### Problem to work on
Exactly as they appear below, repeat the lines from the one with "日向翔陽、影山飛雄、月島 蛍、及川 徹、岩泉" through the one with "8月20日,pa旗舰厅官网电". Drop every picture.

### Exercise data
========

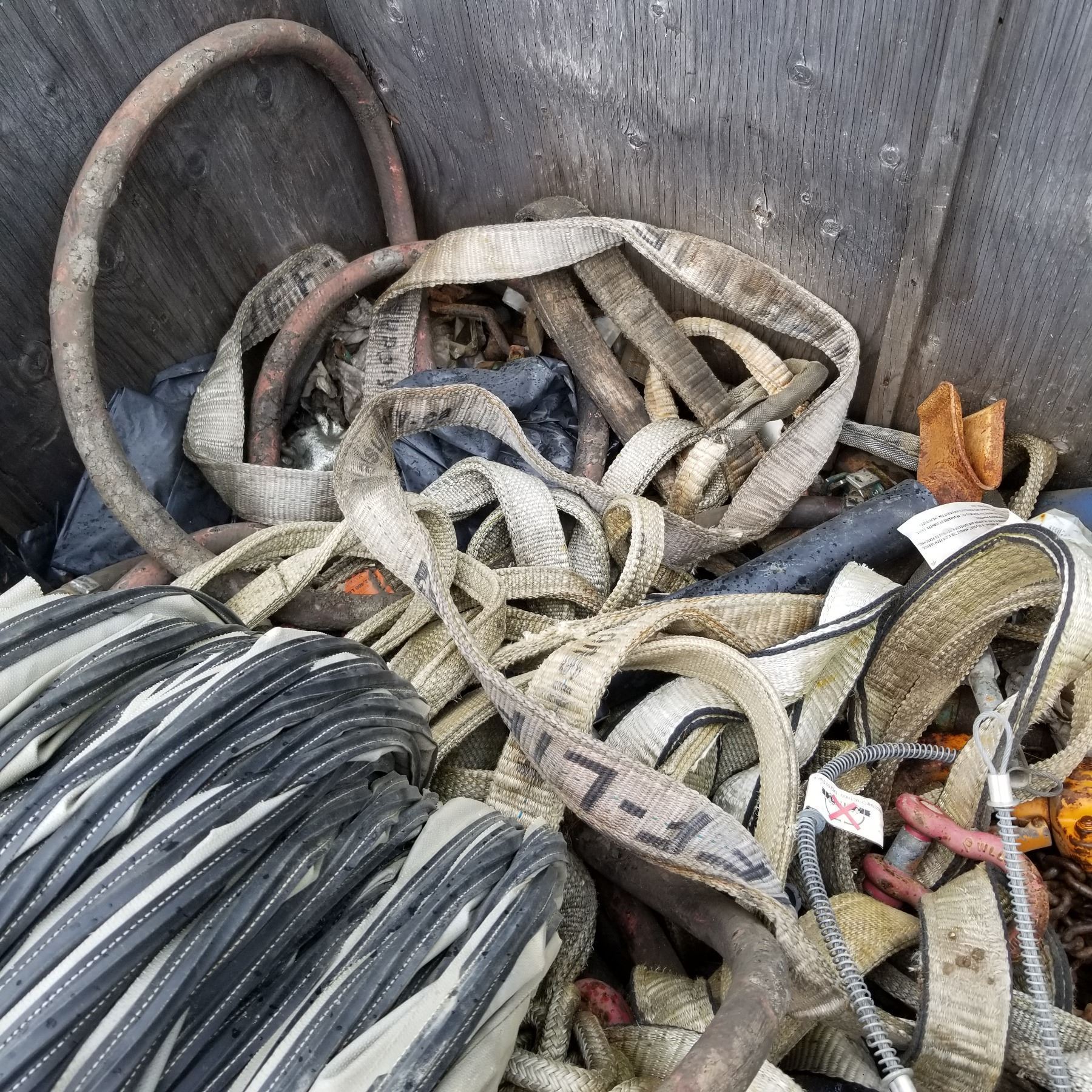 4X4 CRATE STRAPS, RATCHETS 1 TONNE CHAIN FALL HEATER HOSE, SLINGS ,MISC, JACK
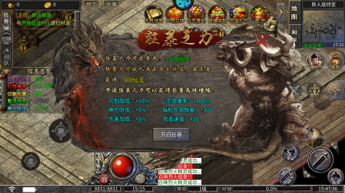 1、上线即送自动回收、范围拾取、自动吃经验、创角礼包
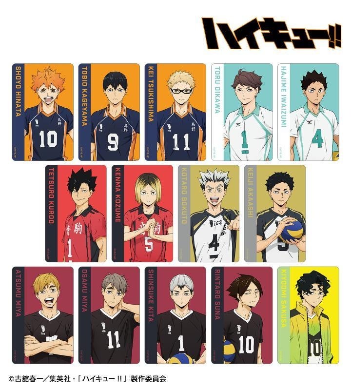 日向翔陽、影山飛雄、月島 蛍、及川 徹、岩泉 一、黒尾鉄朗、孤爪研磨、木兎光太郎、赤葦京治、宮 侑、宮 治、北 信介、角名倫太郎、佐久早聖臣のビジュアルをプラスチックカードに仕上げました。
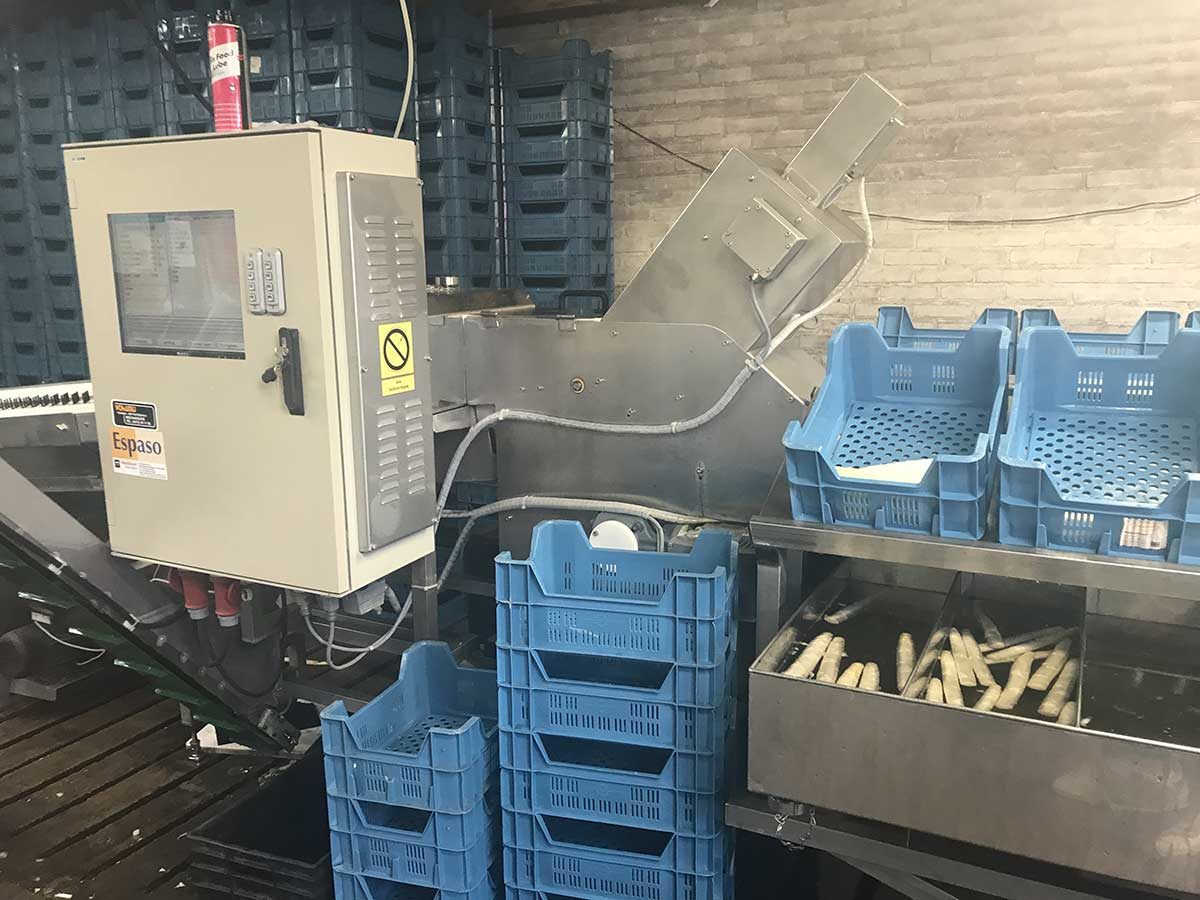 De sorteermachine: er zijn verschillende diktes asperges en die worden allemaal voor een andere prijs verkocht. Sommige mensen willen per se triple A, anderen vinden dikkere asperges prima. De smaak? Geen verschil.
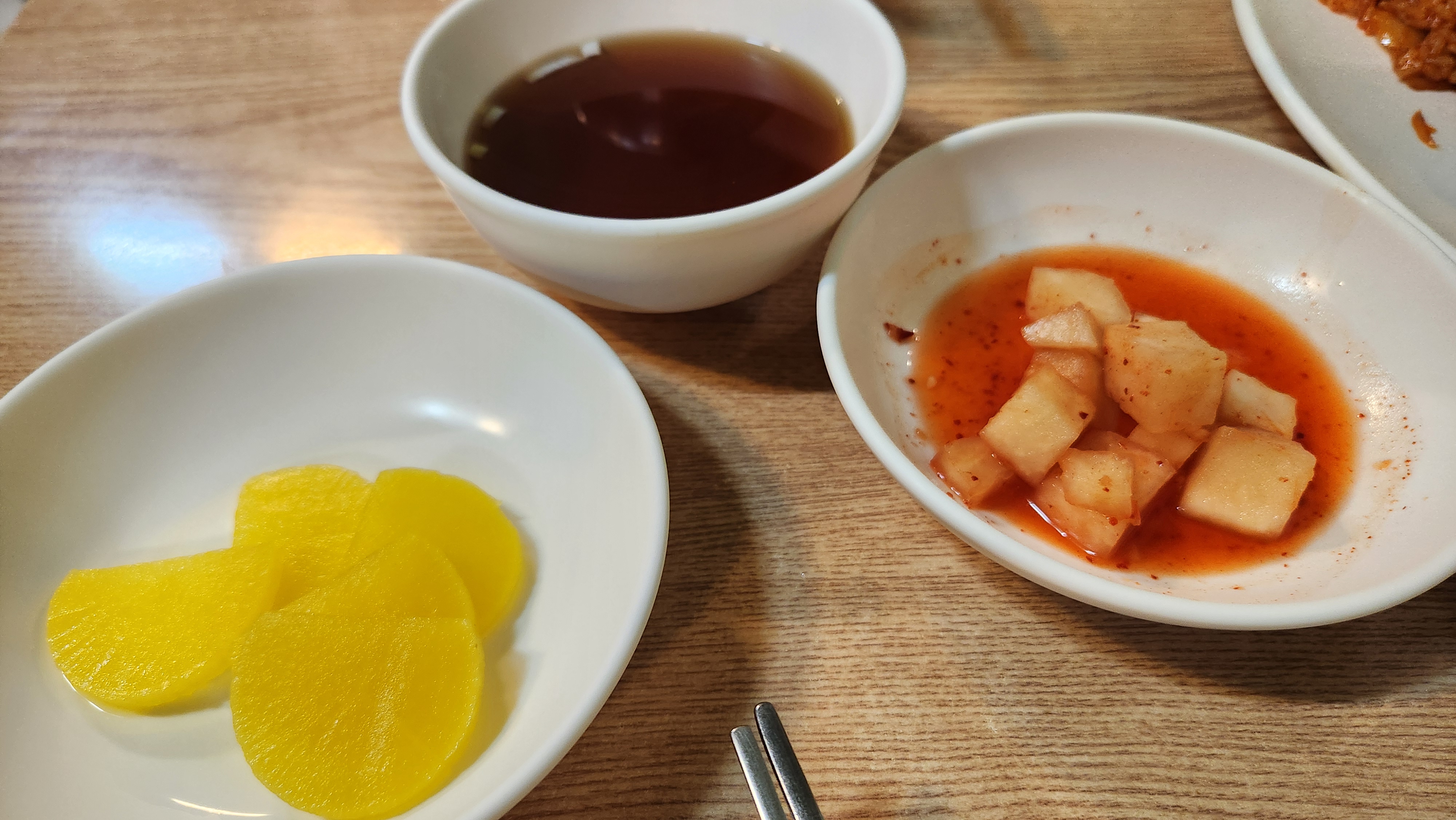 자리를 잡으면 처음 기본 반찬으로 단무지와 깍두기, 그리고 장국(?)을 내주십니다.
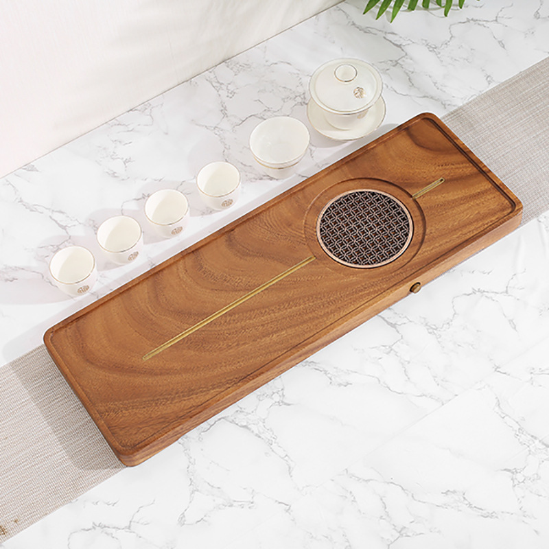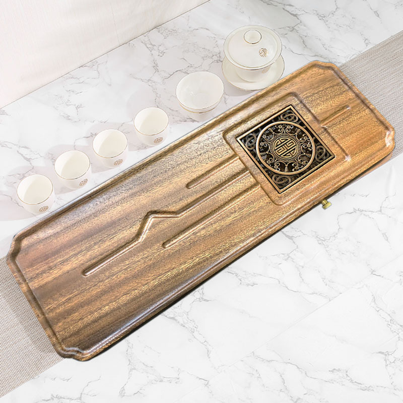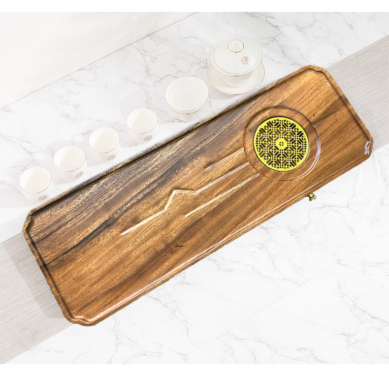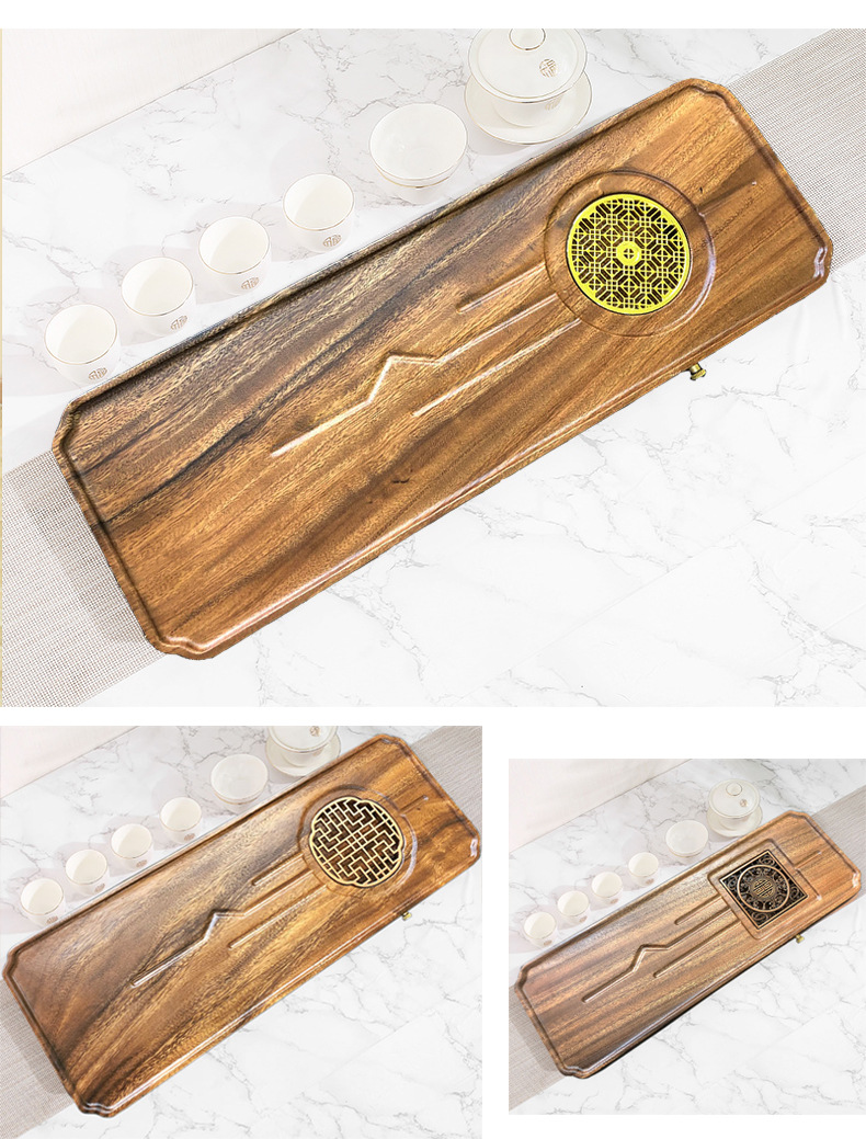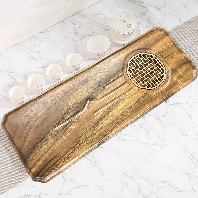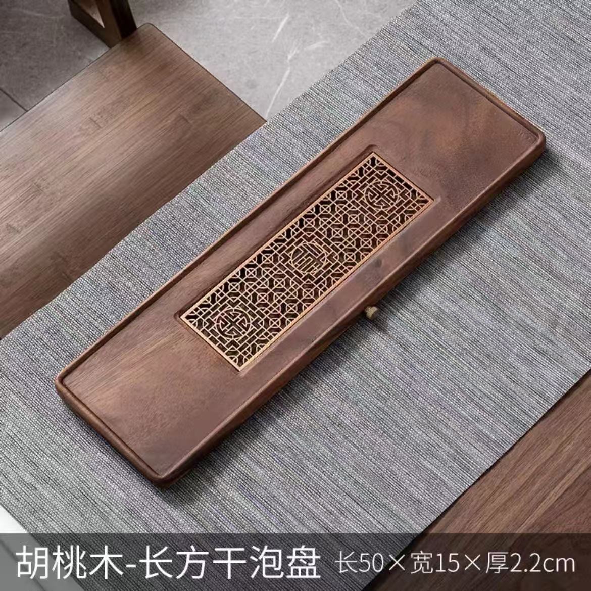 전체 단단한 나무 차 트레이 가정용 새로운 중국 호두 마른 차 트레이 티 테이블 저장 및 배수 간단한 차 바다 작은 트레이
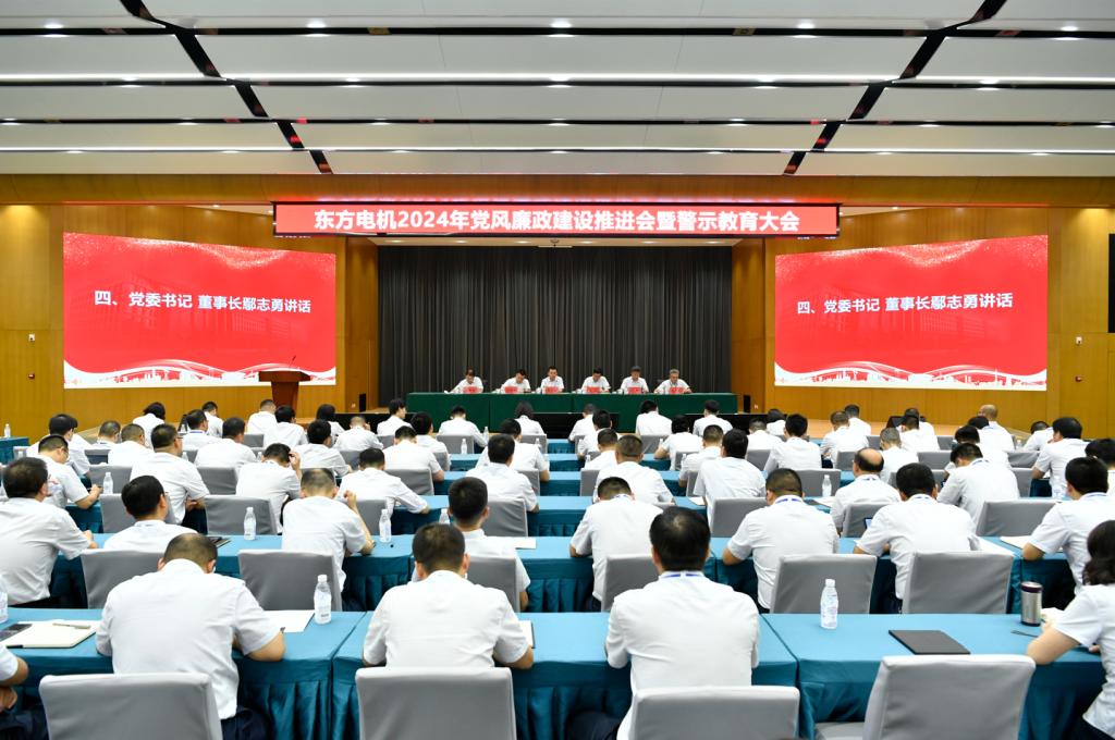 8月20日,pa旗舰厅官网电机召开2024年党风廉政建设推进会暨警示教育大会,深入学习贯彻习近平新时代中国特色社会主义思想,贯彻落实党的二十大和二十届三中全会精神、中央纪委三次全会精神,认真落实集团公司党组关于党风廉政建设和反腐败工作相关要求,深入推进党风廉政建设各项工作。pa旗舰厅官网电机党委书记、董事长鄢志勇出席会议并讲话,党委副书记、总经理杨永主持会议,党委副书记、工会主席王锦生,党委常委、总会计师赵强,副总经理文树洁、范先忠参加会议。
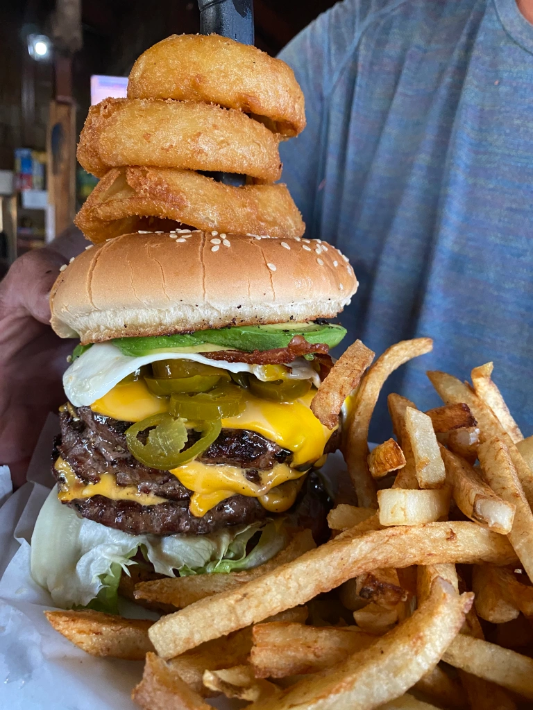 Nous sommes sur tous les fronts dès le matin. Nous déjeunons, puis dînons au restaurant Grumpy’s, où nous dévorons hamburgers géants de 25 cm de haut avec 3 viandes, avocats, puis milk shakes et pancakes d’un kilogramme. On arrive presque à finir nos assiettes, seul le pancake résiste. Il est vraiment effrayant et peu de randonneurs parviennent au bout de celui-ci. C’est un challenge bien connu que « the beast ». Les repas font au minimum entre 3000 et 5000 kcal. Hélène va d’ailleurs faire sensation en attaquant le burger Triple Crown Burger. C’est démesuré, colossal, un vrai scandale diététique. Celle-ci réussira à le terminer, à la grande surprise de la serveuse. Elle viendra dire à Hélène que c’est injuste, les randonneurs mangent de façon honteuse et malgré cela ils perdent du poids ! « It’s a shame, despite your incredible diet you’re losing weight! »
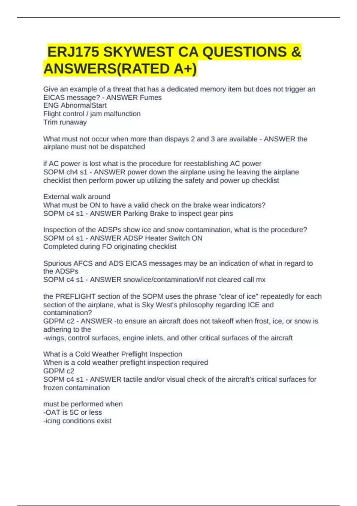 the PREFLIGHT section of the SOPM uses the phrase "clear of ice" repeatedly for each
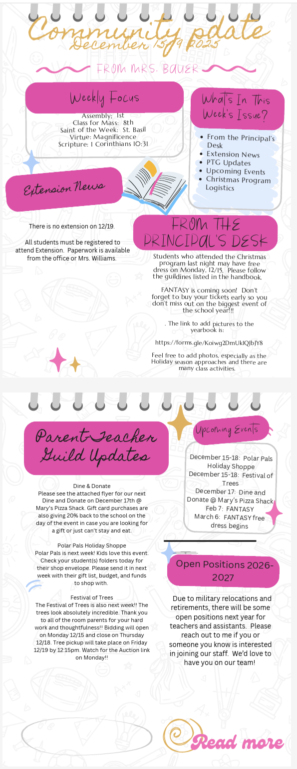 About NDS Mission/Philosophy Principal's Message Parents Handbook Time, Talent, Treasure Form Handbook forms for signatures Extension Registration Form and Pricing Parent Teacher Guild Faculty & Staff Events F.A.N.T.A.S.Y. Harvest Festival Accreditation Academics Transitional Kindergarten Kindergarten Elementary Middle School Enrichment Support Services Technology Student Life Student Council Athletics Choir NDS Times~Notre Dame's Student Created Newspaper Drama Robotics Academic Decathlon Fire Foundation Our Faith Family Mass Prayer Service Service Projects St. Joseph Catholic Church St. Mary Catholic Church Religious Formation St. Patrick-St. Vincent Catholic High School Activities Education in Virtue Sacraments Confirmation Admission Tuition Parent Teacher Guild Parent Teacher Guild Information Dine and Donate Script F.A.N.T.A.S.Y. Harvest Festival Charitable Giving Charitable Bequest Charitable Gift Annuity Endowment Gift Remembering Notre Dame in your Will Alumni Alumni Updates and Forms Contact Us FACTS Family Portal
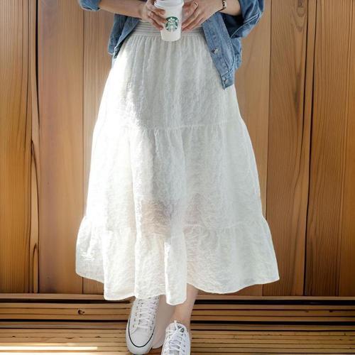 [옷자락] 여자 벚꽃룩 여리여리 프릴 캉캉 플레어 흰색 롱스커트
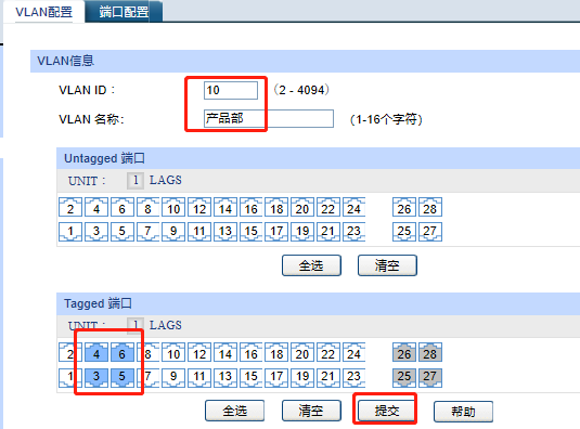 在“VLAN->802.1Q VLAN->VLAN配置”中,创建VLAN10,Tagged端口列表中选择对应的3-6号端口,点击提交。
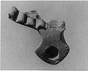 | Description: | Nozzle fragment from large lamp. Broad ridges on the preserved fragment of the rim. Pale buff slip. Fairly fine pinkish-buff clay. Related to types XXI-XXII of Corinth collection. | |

========

### Result of the exercise
 日向翔陽、影山飛雄、月島 蛍、及川 徹、岩泉 一、黒尾鉄朗、孤爪研磨、木兎光太郎、赤葦京治、宮 侑、宮 治、北 信介、角名倫太郎、佐久早聖臣のビジュアルをプラスチックカードに仕上げました。
 De sorteermachine: er zijn verschillende diktes asperges en die worden allemaal voor een andere prijs verkocht. Sommige mensen willen per se triple A, anderen vinden dikkere asperges prima. De smaak? Geen verschil.
 자리를 잡으면 처음 기본 반찬으로 단무지와 깍두기, 그리고 장국(?)을 내주십니다.
 전체 단단한 나무 차 트레이 가정용 새로운 중국 호두 마른 차 트레이 티 테이블 저장 및 배수 간단한 차 바다 작은 트레이
 8月20日,pa旗舰厅官网电机召开2024年党风廉政建设推进会暨警示教育大会,深入学习贯彻习近平新时代中国特色社会主义思想,贯彻落实党的二十大和二十届三中全会精神、中央纪委三次全会精神,认真落实集团公司党组关于党风廉政建设和反腐败工作相关要求,深入推进党风廉政建设各项工作。pa旗舰厅官网电机党委书记、董事长鄢志勇出席会议并讲话,党委副书记、总经理杨永主持会议,党委副书记、工会主席王锦生,党委常委、总会计师赵强,副总经理文树洁、范先忠参加会议。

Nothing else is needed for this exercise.